- **ACTION ITEM**
Retype all of the data word for word, without pictures.

- **PROVIDED DATA**
BEGIN
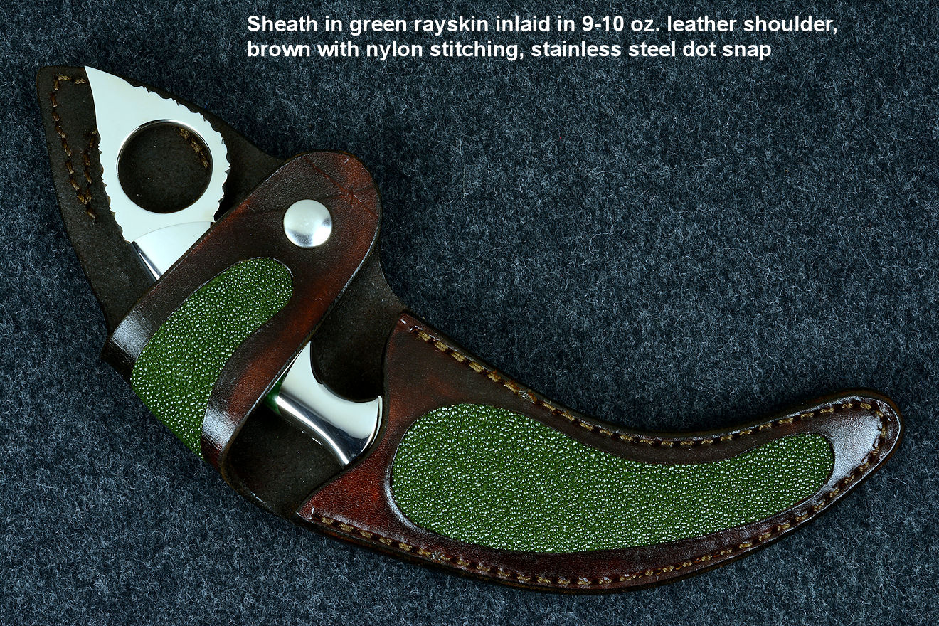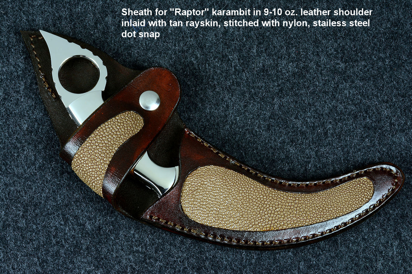 I realized many years ago, when I first started in this trade, that sheaths, stands, cases, and accouterments were all a part of the trade of making fine handmade and custom knives, and if I wanted to provide a complete package, then it better include a fine sheath: tough, strong, and well-made to match the knife while being commensurate with the quality of the knife.
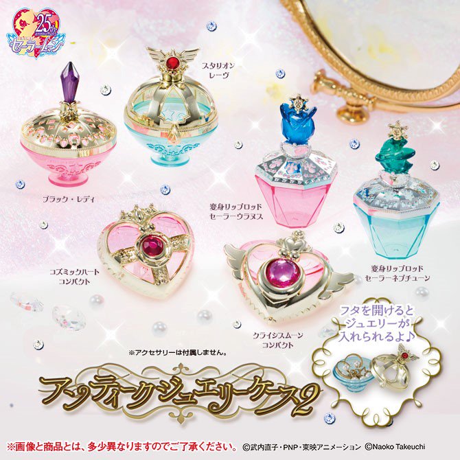 美少女戰士古董珠寶盒扭蛋第2彈即將在近期上市啦~這次不只有小兔的變身寶盒,還有小小兔聖杯、天王星、海王星等人的變身器,大小為5.7公分左右,用來放耳環、戒指之類的小飾品剛剛好。而且售價只要300日幣,整組全收也很可以啊!超精緻的設計,不管扭到哪個都不會生氣,好想在化妝台上擺滿一整排!
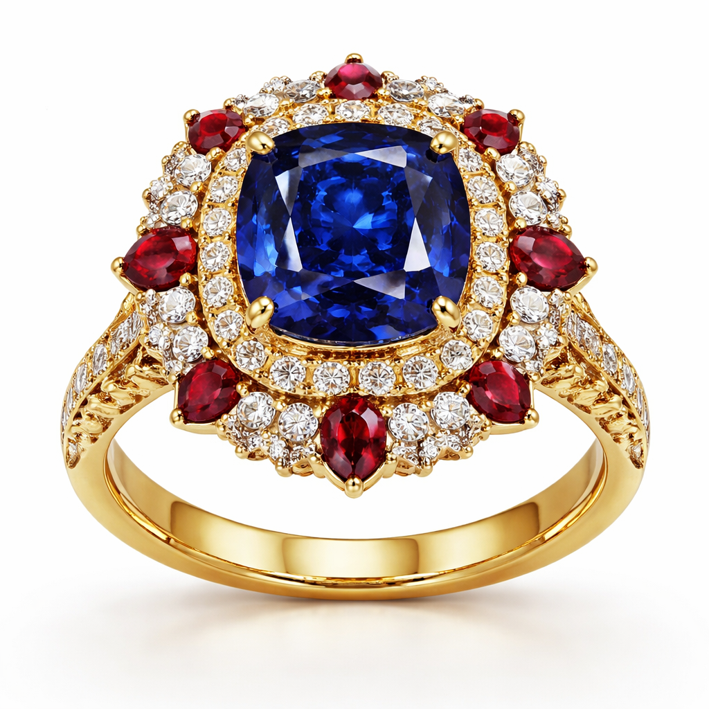 Um anel de ouro , com pedras azuis e vermelhos, rodeado de brilhantes com um formato de solitário
END
- **SOLUTION TO THIS EXERCISE**
 I realized many years ago, when I first started in this trade, that sheaths, stands, cases, and accouterments were all a part of the trade of making fine handmade and custom knives, and if I wanted to provide a complete package, then it better include a fine sheath: tough, strong, and well-made to match the knife while being commensurate with the quality of the knife.
 美少女戰士古董珠寶盒扭蛋第2彈即將在近期上市啦~這次不只有小兔的變身寶盒,還有小小兔聖杯、天王星、海王星等人的變身器,大小為5.7公分左右,用來放耳環、戒指之類的小飾品剛剛好。而且售價只要300日幣,整組全收也很可以啊!超精緻的設計,不管扭到哪個都不會生氣,好想在化妝台上擺滿一整排!
 Um anel de ouro , com pedras azuis e vermelhos, rodeado de brilhantes com um formato de solitário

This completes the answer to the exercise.